───── Available data ─────

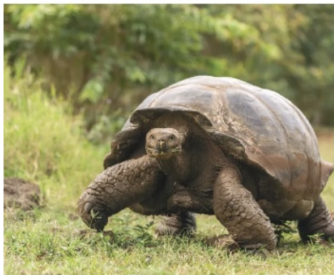
OPPOSITE BOTTOM Galápagos tortoises are among the longest lived of all land vertebrates, averaging more than 100 years. OPPOSITE TOP Whales can be found in Galápagos waters year round. MAIN Ecoventura yachts carry kayaks, SUPs, and snorkel gear for passengers. TOP LEFT Rangas are ideal for exploring the islands. TOP RIGHT Charles Darwin described marine iguanas as "hideous-looking." BOTTOM RIGHT Cactus is the preferred diet of land iguanas.
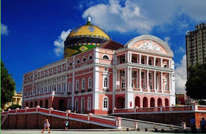
AMAZON THEATER
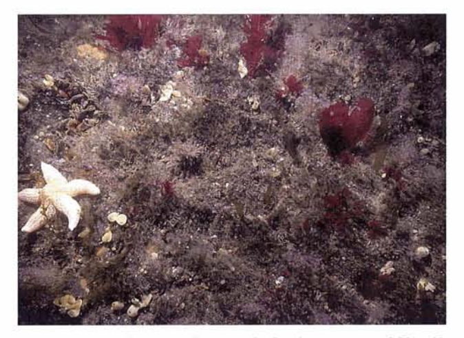
Figure 4. An underwater photograph showing an area of 60 x 40 cm of the bottom at 15 m at the west coast of Surtsey in July 1997. Species appearing in the photo are the seaweed species Delesseria sanguinea, Phycodrys rubens, Lomentaria orcadensis and juvenile Alaria esculenta. Prominent animal species are sea star, Asterias rubens, sponge, Grantia compressa, mussel, Mytilus edulis and hydroid, Tubularia larynx (photo: Karl Gunnarsson).
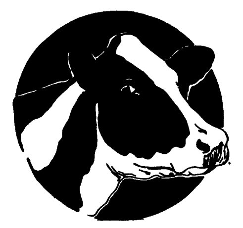
FRESH & CLOSE COWS & HEIFERS
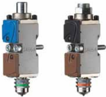
Color-coded plastic module covers provide easy identification of AO/AC (blue) or AO/SC (black) characteristics; brown color indicates needle/seal design.

─────

Task brief.
Return the complete data unchanged and include none of the pictures.

Result of this exercise.
OPPOSITE BOTTOM Galápagos tortoises are among the longest lived of all land vertebrates, averaging more than 100 years. OPPOSITE TOP Whales can be found in Galápagos waters year round. MAIN Ecoventura yachts carry kayaks, SUPs, and snorkel gear for passengers. TOP LEFT Rangas are ideal for exploring the islands. TOP RIGHT Charles Darwin described marine iguanas as "hideous-looking." BOTTOM RIGHT Cactus is the preferred diet of land iguanas.
AMAZON THEATER
Figure 4. An underwater photograph showing an area of 60 x 40 cm of the bottom at 15 m at the west coast of Surtsey in July 1997. Species appearing in the photo are the seaweed species Delesseria sanguinea, Phycodrys rubens, Lomentaria orcadensis and juvenile Alaria esculenta. Prominent animal species are sea star, Asterias rubens, sponge, Grantia compressa, mussel, Mytilus edulis and hydroid, Tubularia larynx (photo: Karl Gunnarsson).
FRESH & CLOSE COWS & HEIFERS
Color-coded plastic module covers provide easy identification of AO/AC (blue) or AO/SC (black) characteristics; brown color indicates needle/seal design.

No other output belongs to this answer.